(I have a draft post on “teaching to the test” rattling around somewhere, hence the title of this one.)
The gadget shown here was displayed at the recent Consumer Electronics Show. Cnet reported:
The device, called the Airnergy, uses an antenna and circuitry to harvest the energy and an internal battery to store the electrical charge. A company representative told OhGizmo that they were able to charge a BlackBerry from 30 percent to full charge in about 90 minutes using the ambient Wi-Fi signal at CES, although the charge time varies depending on how close the battery is to the original signal.
Now, this doesn’t really pass the sniff test, but, after all, it’s RCA, and they “demonstrated” it, so what the hell? The point of this post is that a judgement like this can be informed by a little back-of-the-envelope calculating, and that this is an example of the kind of skill that I’ll argue elsewhere, eventually, ought to be possessed by any graduate of a high school physics class.
We need some basic facts first. Wikipedia tells us that wifi base stations are limited by the FCC to 4 watts output. My cellphone battery is labeled: 3.7VDC 1150mAH. Assuming 100% charging efficiency, that’s 4.255 watt-hours required for a full charge. I’ll guess from the picture that the receiving antenna is 100 cm2 and that we put it a meter from the transmitter. How much power does the charger “see”?
We know (or can easily look up) that the surface of sphere is 4πr2, so the surface of a sphere with a radius of a meter is about 12m2, or 120,000cm2. Our 100cm2 antenna represents 100/120,000 or 1/1200 of the sphere, which is 4mW.
So at a distance of a meter, we’re looking at 1000 hours to fully charge my Palm Centro battery.
Notice that we’ve erred on the side of generosity to the RCA device. Neither the antenna nor the charger nor the battery charging system is going to be 100% efficient, and the device itself looks to be smaller than 10x10cm. And we’re not going to be within a meter of the wifi box at our local Starbucks.
It’s apparent that, to the extent that the device actually works, it does so only by being in very close proximity to the wifi transmitter.

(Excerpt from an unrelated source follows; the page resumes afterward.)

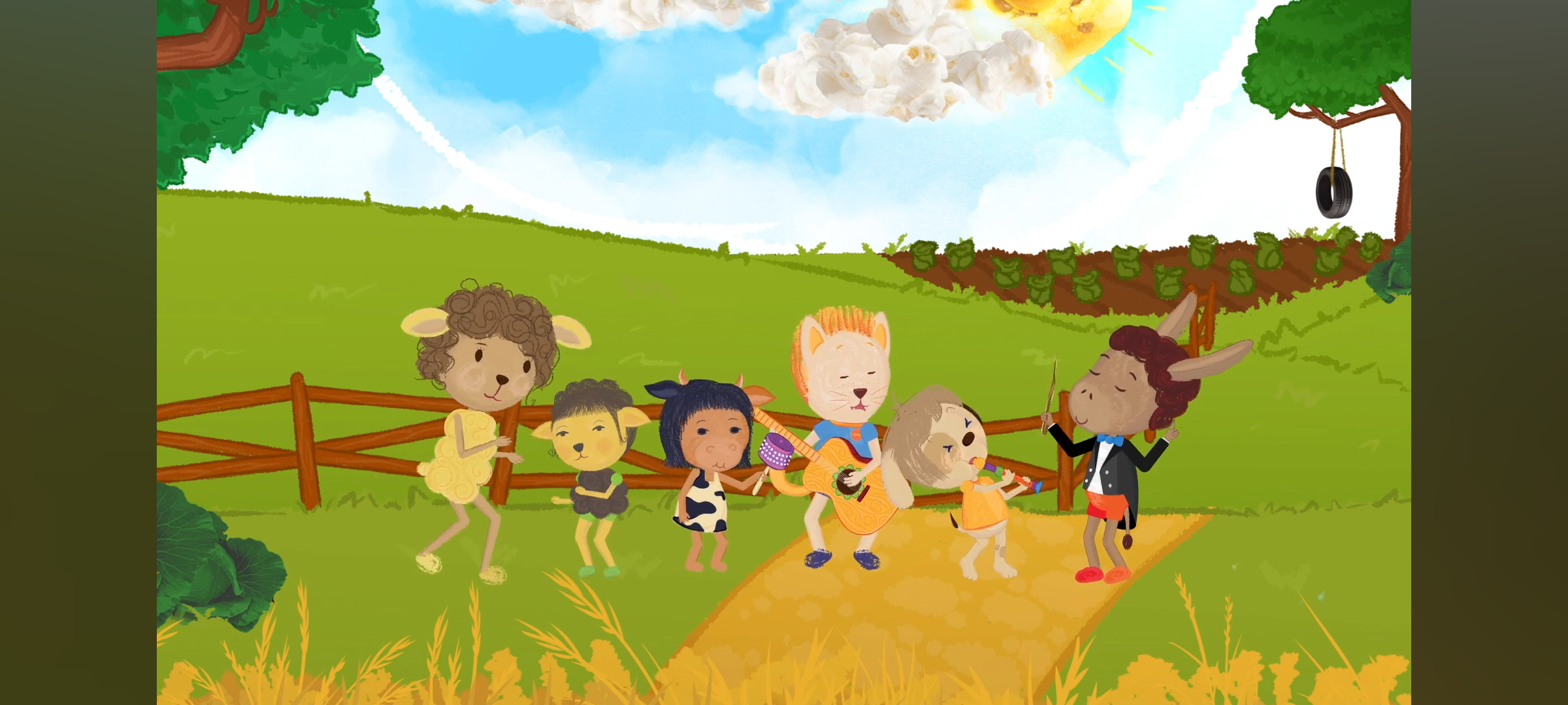 A proposta articula dois formatos complementares: clipes e karaokês interativos. Nos clipes, imagens, movimentos, efeitos visuais e sonoridades estimulam experimentação, formação estética e imaginação. Nos karaokês, cada canção é apresentada em etapas guiadas por uma fala acolhedora, que, a seguir, apresenta o canto-modelo, cuja melodia é repetida por um piano guia, permitindo que as crianças memorizem e cantem progressivamente, exercitando autonomia vocal, ritmo e expressividade corporal.

Now, I suppose there’s a test question here that we could (and should) teach to. Quote the Cnet article and ask, “Is this device practical? Justify your conclusion.” Trouble is, that question requires the kind of answer that’s impossible to grade automatically, and in general, it seems to me that the same thing is true whenever we test practical skills—knowing how, rather than knowing that.
More Real Soon Now.
Addendum: If I were grading the answers to that question, here are some of the elements I’d be looking for.
- We’re interested in how much power is available from the wifi transmitter, and how much energy (power times time) is required.
- We’re interested in the area of the surface of a sphere, and the notion that the power available to the device drops with the square of the distance from the transmitter.
- Assumptions ought to be conservative. If the answer claims that the device is practical, then it should make conservative assumptions about efficiency and size; if not, then (as above) the conservative assumptions go the other way, giving the device the benefit of the doubt.
- If the answer concludes that the device is not practical, it would be a plus to suggest what RCA is up to, and how it might have been “demonstrated”.